Question 1. (10)
- [4 points] Draw a clearly labeled suffix tree for the string dggddgg#.
- [6 points] Describe how you can use a suffix tree to find the Longest Common Substring of two strings in time linear in the lengths of the two strings.
Question 2. (15)
For the min radix priority search tree (RPST) with range [0,32),
- [8 points] Perform insert operation into an initially empty RPST in sequence with the following keys:(6,6), (9,17), (4,4), (17,1), (6,3), (21,7). Show each step. The elements x and y of a key (x, y) stand for the search and priority key values, respectively.
- [7 points] Delete (6, 3) from the result RPST of part (a).
Question 3. (10)
Suppose that you are to design a Bloom filter with minimum P(u) and that
n = 100,000, m = 5000, and u = 1000.
- [5 points] Using any of the results obtained in the class, compute the number h, of hash functions to use. Show your computations.
- [5 points] Compute the probability, P(u), of a filter error when h has this value.
Question 4. (15)
Given n pairs of intervals (li, ri), i=1,2…n, and a query interval J = (l, r).
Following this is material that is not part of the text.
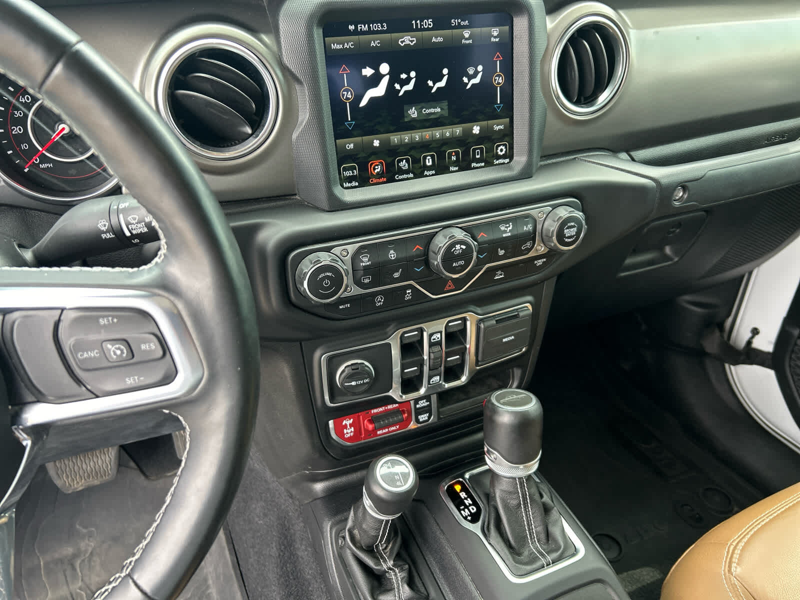 TRANSMISSION: 8-SPEED AUTOMATIC (850RE) Tip Start, Transmission Skid Plate, Selec-Speed Control, 8.4 RADIO & PREMIUM AUDIO GROUP SiriusXM Traffic Plus, Alpine Premium Audio System, HD Radio, Radio: Uconnect 4C Nav w/8.4 Display, Rear View Auto Dim Mirror, For Details, Visit DriveUconnect.com, 1-Year SiriusXM Guardian Trial, GPS Navigation, SiriusXM Travel Link, Emergency/Assistance Call, 8.4 Touchscreen Display, DARK SADDLE/BLACK, LEATHER TRIMMED BUCKET SEATS Full Length Floor Console Premium Armrest, Leather Wrapped Park Brake Handle, Leather Wrapped Shift Knob, Premium Door Trim Panel, Rear Armrest w/Cupholder Seat, BLACK 3-PIECE HARD TOP Freedom Panel Storage Bag, Rear Window Defroster, Rear Sliding Window, LED LIGHTING GROUP Daytime Running Lamps LED Accents, LED Park Turn Lamps, Front LED Fog Lamps, LED Premium Reflector Headlamps, LED Taillamps, COLD WEATHER GROUP Heated Steering Wheel, Heated Front Seats, REMOTE PROXIMITY KEYLESS ENTRY, MOPAR SOFT TRI-FOLD TONNEAU COVER, TRAILER TOW PACKAGE Trailer Hitch Zoom, Class IV Hitch Receiver, Heavy Duty Engine Cooling, 240 Amp Alternator, REMOTE START SYSTEM, ENGINE: 3.6L V6 24V VVT UPG I W/ESS (STD).

In order to list all the intervals that overlap J, we have constructed an interval tree with the following properties:
Each node v has a value v.key and two subtrees v.left and v.right.
The interval tree is a binary search tree on the “key” values.
Intervals with ri < v.key are stored in the left subtree of v.
Intervals with li > v.key are stored in the right subtree of v.
Intervals with li <= v.key <= ri are stored in v.
Describe an efficient algorithm that returns all the intervals that intersect J using the above interval tree data structure.